And I gotta admit, it's a lot more than what I expected. Like, if you thought the entire market being up 28% was nice, think again! Because my strategy is up over 41% with absolutely no work whatsoever. We're going to repeat the exact same process again in 2022 to see just how far we could take it.

The secret, you might ask? Well, I had a monkey pick stocks at random, and believe it or not, it's fundamentally proven to work 96% of the time. So, we need to talk about exactly what's going on — how a monkey was able to pick the best-performing stocks, precisely what I invested in, the strategy behind this, and then finally how you could use this information to try to make as much money as possible.

But before we go into this monkey business and why Boo has become a champion of stocks, it would help me out tremendously if you go ape on that like button by making it turn blue! Or if you haven't already subscribed, doing that makes me go bananas. All right, monkey jokes aside, thank you guys so much! And also, a big thank you to Public for sponsoring this video, but more on that later.

So, all of this started in December of 2020 when I came across a quote from The Economist, Burton Malkiel, who said that a blindfolded monkey throwing darts at a newspaper's financial pages could select the portfolio that would do just as well as one carefully selected by experts. And that got me thinking I should give it a shot.

Well, within a few hours, I was put in touch with the fun-loving celebrity monkey, Boo, whose owner volunteered to help me on my quest to make as much money as possible.
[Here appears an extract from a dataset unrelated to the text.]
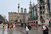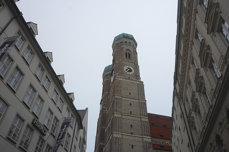 Nach anderthalb Kilometer erreichen wir den Marienplatz. Das trübe Wetter sorgt dafür, dass vor dem Münchner Rathaus noch wenig los ist und wir ungehindert durchlaufen können. Ein paar hundert Meter weiter sind wir auch schon an der Frauenkirche, die wir halb umrunden. Ein Blick nach oben ist hier nicht ganz unwichtig. Bei einem Bürgerentscheid, der inzwischen über 20 Jahre zurückliegt, hatten die Bürger*innen die Möglichkeit, die maximale Höhe von Gebäuden in der Stadt festzulegen. Eine knappe Mehrheit stimmte damals dafür, dass wegen des historischen Stadtbilds kein Haus gebaut werden darf, das höher als die Frauenkirche ist. Der Nordturm der Kirche misst 98,57 Meter, der Südturm ist 98,45 Meter hoch. Seither hält sich der Mythos hartnäckig, dass in der Landeshauptstadt kein neues Gebäude höher sein darf. Eine Vorschrift ist das aber nicht. Ein Bürgerentscheid ist immer nur für ein Jahr bindend. Mehr dazu noch später.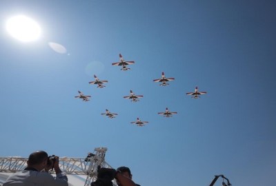 وقد حلقت الطائرات المشاركة، أثناء العرض، في سماء القاهرة الكبرى في عروض جوية مبهرة، حيث شارك في العرض فريق النسور السوداء من كوريا الجنوبية (Black Eagles) بعدد من الطائرات التي نفذت عدداً من العروض الجوية المتميزة بالتزامن مع تقديم فريق النجوم الفضية المصري (Silver Stars) وفريق طائرات الهيل جازيل المصري (حورس) عروضاً جوية مبهرة، وكذا تقديم عناصر من قوات المظلات المصرية عدد من العروض أثناء فعاليات المهرجان.

So, here's how we were able to make that happen. I found a website that lists the top 1,000 publicly traded companies in the US, and then I used a random number generator to pick a number one through a thousand that would correspond with the ranking of each of those stocks on the list.

I repeated that process 30 times so I could randomly select a large enough sample size for Boo to pick from. And then, with each of those 30 stocks written down on a piece of paper, Boo proceeded to hand-select 10 of them where I could invest ten thousand dollars each.

And now, to my surprise, one year later, those 10 randomly picked stocks picked by a monkey are doing better than the overall index, up over 40% versus the S&P's measly 28%. And if you're curious which stocks I bought, how well they each did, and which ones he's gonna pick in 2022, here you go.

The first is Ford. They're one of the largest auto manufacturers in the world. They were the number one best-selling automaker in the US throughout 2021. And their new Mustang Monkey is the number two best-selling electric SUV. You might even see them as a taxi in New York.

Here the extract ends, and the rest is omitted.